Top of RECORDS FOR THE EXERCISE

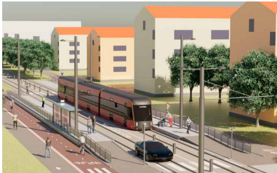
Havainnekuva Härmälänrannan kohdalta idän suuntaan.

Pirkkala–Linnainmaa -raitiotien hankesuunnitelma on valmis. Se sisältää muun muassa alustavat katusuunnitelmat sekä hankevaihtoehtojen vertailun ja vaikutusarvioinnin kustannusarvioineen. Hankesuunnitelma toimii pohjana kuntien päätöksille mahdollisesta jatkosuunnittelusta ja myöhemmin päätettävästä raitiotien rakentamisesta.
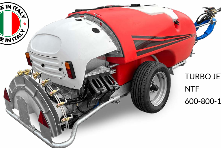
TURBO JET NTF 600-800-1000 L
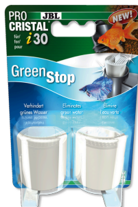
JBL PROCRISTAL i30 GreenStop Material filtrante especial contra el agua verde
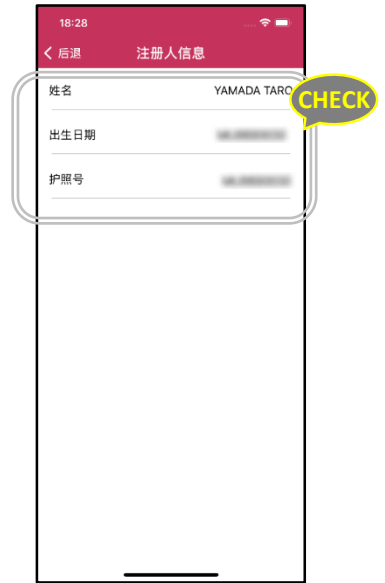
确认出生日期·护照号码（半角大写英文数字）是否正确
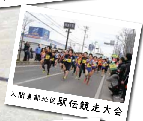
入間東部地区駅伝競走大会
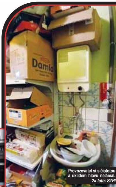
Provozovatel si s čistotou a úklidem hlavu nelámá.

Od 10. ledna provozovatelé zakázali užívání prostor pro prodej nebalených pekařských výrobků. Provozovna jako celek uzavřena nebyla. (kib)
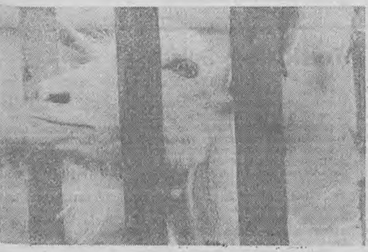
Ona mówi, że kozie mleko jest najzdrowsze.

Apteka w Zbąszyniu jako jedyna w okolicy realizuje jeszcze recepty z 30-procentową odpłatnością, a kolejarzom, funkcjonariuszom MSW, renciście i emerytom wydaje leki bezpłatnie.
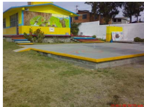
11 y 12.- Contexto institucional del Jardín de Niños “Thomas Jefferson”
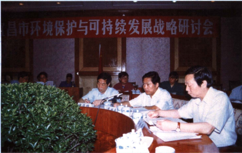
市政府及有关部门研讨可持续发展战略。
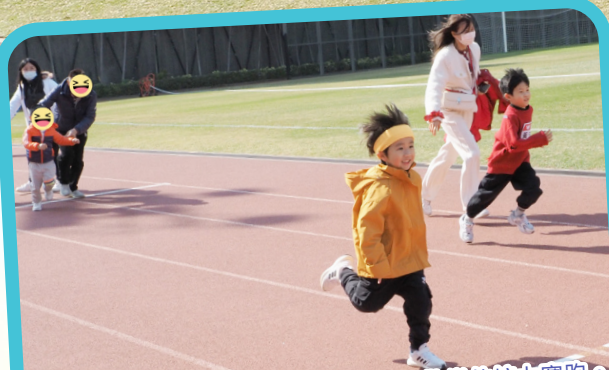
學童展現最佳表現，享受充滿活力和歡樂的接力賽跑。

西九龍一區共13對親子參加聯區親子運動會，大朋友和小朋友都熱烈參與，更贏取啦啦隊比賽第一名。
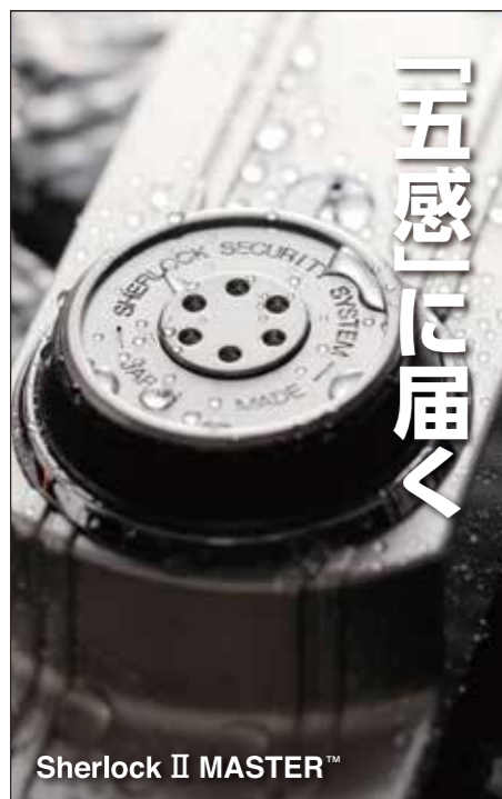
Sherlock II MASTER™

住まう人、使う人には心からの安心を オーナー様や管理会社には業務の簡素化とコスト削減を 堅牢と精密をイメージしたシャーロック
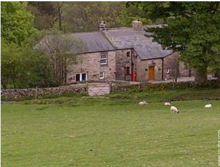
vista sobre campos agrícolas
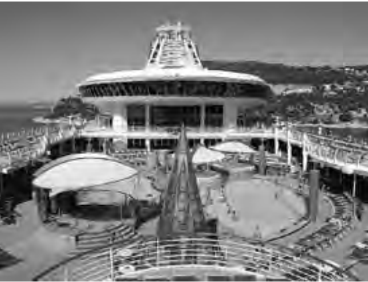
Con los transatlánticos del Grand Celebration, la empresa "Ibero Cruceros" propone para sus salidas, pagar la mitad y disfrutar el doble.

DE TAPA El 26 de noviembre el Grand Celebration, de 26 toneladas y capacidad para 1.896 pasajeros, iniciará su cruceo Barcelona - Buenos Aires mientras se desplaza hacia Montevideo para iniciar su temporada en Suramérica. Serán 18 días de navegación visitando Casablanca, Santa Cruz de Tenerife, Río de Janeiro, Salvador, Ilhéus, Río de Janeiro y antes de arribar a Buenos Aires. El costo para el primer pasajero es de U$S 2.913 y el segundo, viajando en el camarote interno, abona U$S 730 (consulte con su Agencia de Viajes).
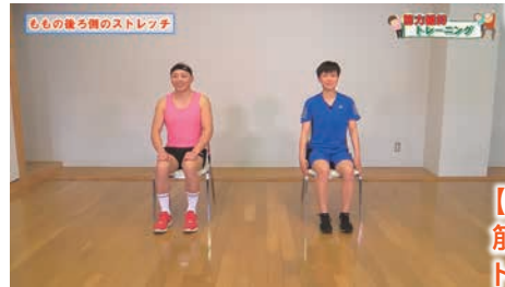
【5月放送】 筋力維持 トレーニング
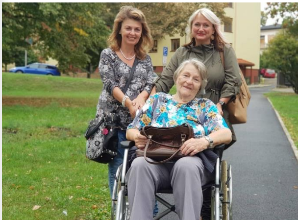
Firemní dobrovolnický den – penzion pro důchodce
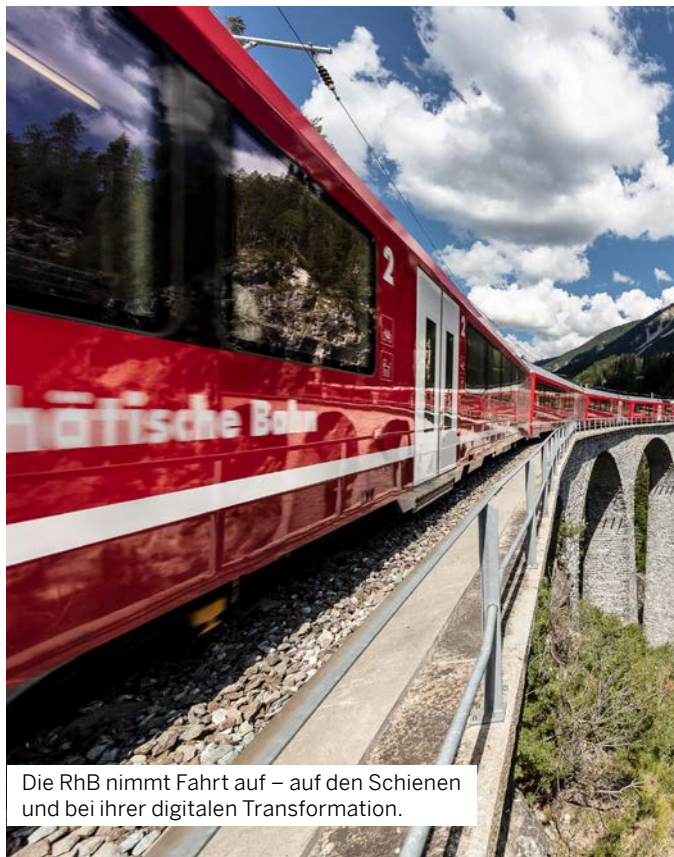
Die RhB nimmt Fahrt auf – auf den Schienen und bei ihrer digitalen Transformation.

Bei der Rhätischen Bahn ist Aufräumen und Modernisierung angesagt. Viele einzelne branchenspezifische ERP-Komponenten sollen bis ins Jahr 2023 einer standardisierten ERP-Systemlandschaft weichen.

Bottom of RECORDS FOR THE EXERCISE

- _YOUR INSTRUCTIONS_: Print the data again, word for word, without any pictures.

- _SOLUTION TO THE EXERCISE_:
Havainnekuva Härmälänrannan kohdalta idän suuntaan.

Pirkkala–Linnainmaa -raitiotien hankesuunnitelma on valmis. Se sisältää muun muassa alustavat katusuunnitelmat sekä hankevaihtoehtojen vertailun ja vaikutusarvioinnin kustannusarvioineen. Hankesuunnitelma toimii pohjana kuntien päätöksille mahdollisesta jatkosuunnittelusta ja myöhemmin päätettävästä raitiotien rakentamisesta.
TURBO JET NTF 600-800-1000 L
JBL PROCRISTAL i30 GreenStop Material filtrante especial contra el agua verde
确认出生日期·护照号码（半角大写英文数字）是否正确
入間東部地区駅伝競走大会
Provozovatel si s čistotou a úklidem hlavu nelámá.

Od 10. ledna provozovatelé zakázali užívání prostor pro prodej nebalených pekařských výrobků. Provozovna jako celek uzavřena nebyla. (kib)
Ona mówi, że kozie mleko jest najzdrowsze.

Apteka w Zbąszyniu jako jedyna w okolicy realizuje jeszcze recepty z 30-procentową odpłatnością, a kolejarzom, funkcjonariuszom MSW, renciście i emerytom wydaje leki bezpłatnie.
11 y 12.- Contexto institucional del Jardín de Niños “Thomas Jefferson”
市政府及有关部门研讨可持续发展战略。
學童展現最佳表現，享受充滿活力和歡樂的接力賽跑。

西九龍一區共13對親子參加聯區親子運動會，大朋友和小朋友都熱烈參與，更贏取啦啦隊比賽第一名。
Sherlock II MASTER™

住まう人、使う人には心からの安心を オーナー様や管理会社には業務の簡素化とコスト削減を 堅牢と精密をイメージしたシャーロック
vista sobre campos agrícolas
Con los transatlánticos del Grand Celebration, la empresa "Ibero Cruceros" propone para sus salidas, pagar la mitad y disfrutar el doble.

DE TAPA El 26 de noviembre el Grand Celebration, de 26 toneladas y capacidad para 1.896 pasajeros, iniciará su cruceo Barcelona - Buenos Aires mientras se desplaza hacia Montevideo para iniciar su temporada en Suramérica. Serán 18 días de navegación visitando Casablanca, Santa Cruz de Tenerife, Río de Janeiro, Salvador, Ilhéus, Río de Janeiro y antes de arribar a Buenos Aires. El costo para el primer pasajero es de U$S 2.913 y el segundo, viajando en el camarote interno, abona U$S 730 (consulte con su Agencia de Viajes).
【5月放送】 筋力維持 トレーニング
Firemní dobrovolnický den – penzion pro důchodce
Die RhB nimmt Fahrt auf – auf den Schienen und bei ihrer digitalen Transformation.

Bei der Rhätischen Bahn ist Aufräumen und Modernisierung angesagt. Viele einzelne branchenspezifische ERP-Komponenten sollen bis ins Jahr 2023 einer standardisierten ERP-Systemlandschaft weichen.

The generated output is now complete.